Such histological studies cannot be performed on humans for ethical reasons, but long-term studies study shows that sleep quality is more associated to grey matter volume reduction than age. Alternatives must be preferably considered because unlike many psychiatric conditions, neuronal losses and its effects are life-long lasting and cannot be treated currently.

== Combination of antidepressant pharmacological intervention and total sleep deprivation ==

=== Unipolar depression ===
Although individual studies have shown a positive effect of combined antidepressant-sleep deprivation therapy, there is currently no widely accepted consensus about whether combined treatment is superior to pharmacological intervention alone for individuals with unipolar depression. A meta analysis (2020) of more than 368 patients found that sleep deprivation combined with standard treatment did not reduce depressive symptoms compared to standard treatment alone.

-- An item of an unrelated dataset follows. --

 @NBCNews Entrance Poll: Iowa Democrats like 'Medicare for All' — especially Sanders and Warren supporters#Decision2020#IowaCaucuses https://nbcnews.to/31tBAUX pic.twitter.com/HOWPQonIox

=== Bipolar depression ===
In contrast with unipolar depression, there is a wide body of evidence that sleep deprivation may be useful in the treatment of bipolar depression. A meta analysis of 90 articles found that combining total sleep deprivation and pharmacological intervention significantly increased the antidepressant effects in patient with bipolar depression when compared to pharmacological intervention alone. The metric that the studies used to assess success of the interventions was a depression symptom scale called the Montgomery-Asberg Depression Scale or the Hamilton Depression Rating Scale, which both are used to measure someone's mood. Multiple studies have shown that adding a mood stabilizing medication (lithium, amineptine, or pindolol) to total sleep deprivation can induce a significant decrease in depression symptoms that is sustained at least 10 days after the treatment. When considering the long-term effects of the combined total sleep deprivation-pharmacological intervention, it appears that combination therapy can also improve the maintenance of the antidepressant effect for individuals with bipolar mood disorders. These results suggest that adding total sleep deprivation to bipolar depression pharmacological treatment may result in an augmented treatment response.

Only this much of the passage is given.